* [Data shown]:
+ + +

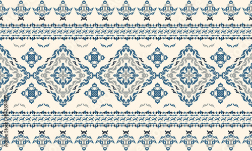 Ikat floral paisley embroidery on cream color background.Ikat ethnic oriental pattern traditional.Aztec style abstract vector illustration.design for texture,fabric,clothing,wrapping,decoration,sarong
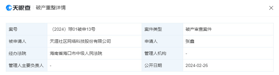 快科技2月27日消息,据天眼查显示,天涯社区网络科技股份有限公司新增一则破产审查案件,办理法院为海南省海口市中级人民法院,申请人为张鑫。
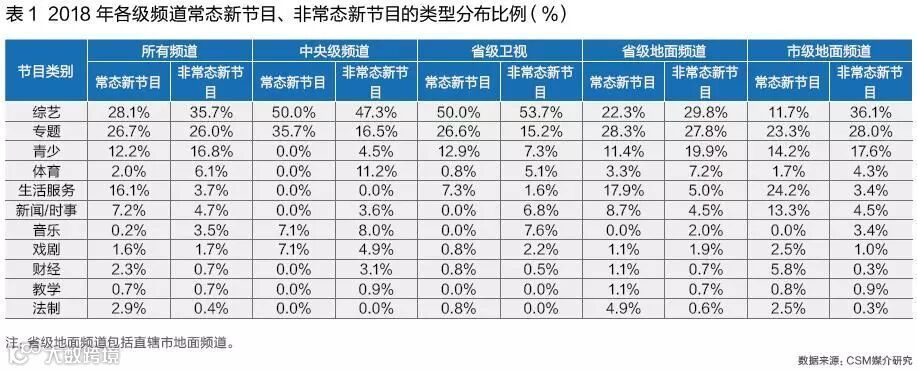 [2]本文对新节目的界定为:各上星频道18:00-24:00播出、省/市级地面频道17:00-24:00播出,同名称节目在2012年1月1日至2017年12月31日期间未出现过,节目长度超过20分钟(含20分钟)。以下节目类型不属于新节目范围:广告、频道包装、节目预告、导视节目、电视剧、电影、外语、各类体育赛事等。

+ + +

* [Assigned task]: Reproduce the opening lines of the material above exactly, ending with the line that contains "快科技2月27日消息,据天眼". Omit every picture.

* [Result of the exercise]:
 Ikat floral paisley embroidery on cream color background.Ikat ethnic oriental pattern traditional.Aztec style abstract vector illustration.design for texture,fabric,clothing,wrapping,decoration,sarong
 快科技2月27日消息,据天眼查显示,天涯社区网络科技股份有限公司新增一则破产审查案件,办理法院为海南省海口市中级人民法院,申请人为张鑫。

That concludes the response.